**Task instructions**
Without including any pictures, reproduce the full listing exactly.

**Data segment**
____________________
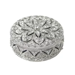 - Exquisite design embellished with silver-finished pewter peacock feathers hand-set with clear European crystals
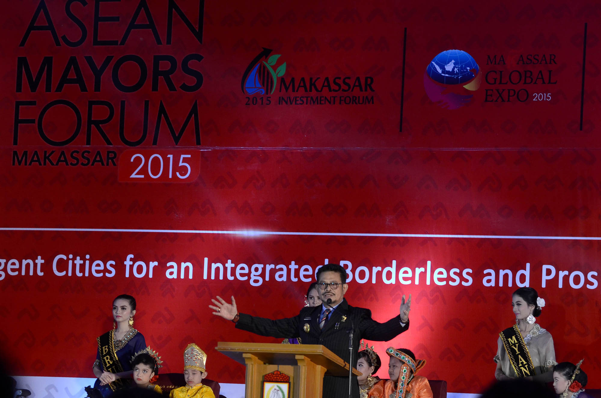 Gubernur Sulawesi Selatan Syahrul Yasin Limpo menyampaikan pidato sekaligus membuka ASEAN Mayors Forum (AMF) 2015 di Four Points Convention Sheraton Hotel, Makassar, Sulawesi Selatan, Selasa (8/9). Pertemuan AMF 2015 tersebut membahas investasi dan membangun sumber daya manusia untuk persiapan Masyarakat Ekonomi ASEAN 2015. ANTARA FOTO/Sahrul Manda Tikupadang/aww/15.
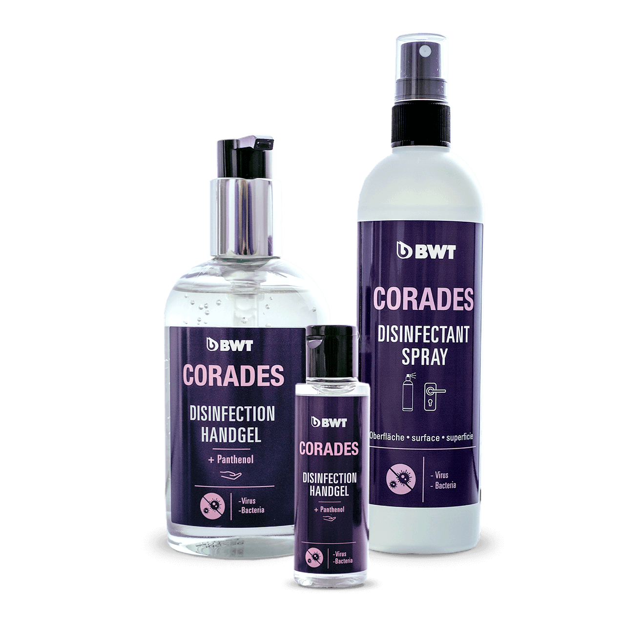 Und da kommen die Corades-Produkte von BWT ins Spiel. Sie töten 99,9 Prozent aller Bakterien und Viren ab. Ob auf Flächen oder auf den Händen: Mit dem eigens von BWT produzierten Hygieneprodukten sind Sie optimal geschützt.
____________________
**Task response**
 - Exquisite design embellished with silver-finished pewter peacock feathers hand-set with clear European crystals
 Gubernur Sulawesi Selatan Syahrul Yasin Limpo menyampaikan pidato sekaligus membuka ASEAN Mayors Forum (AMF) 2015 di Four Points Convention Sheraton Hotel, Makassar, Sulawesi Selatan, Selasa (8/9). Pertemuan AMF 2015 tersebut membahas investasi dan membangun sumber daya manusia untuk persiapan Masyarakat Ekonomi ASEAN 2015. ANTARA FOTO/Sahrul Manda Tikupadang/aww/15.
 Und da kommen die Corades-Produkte von BWT ins Spiel. Sie töten 99,9 Prozent aller Bakterien und Viren ab. Ob auf Flächen oder auf den Händen: Mit dem eigens von BWT produzierten Hygieneprodukten sind Sie optimal geschützt.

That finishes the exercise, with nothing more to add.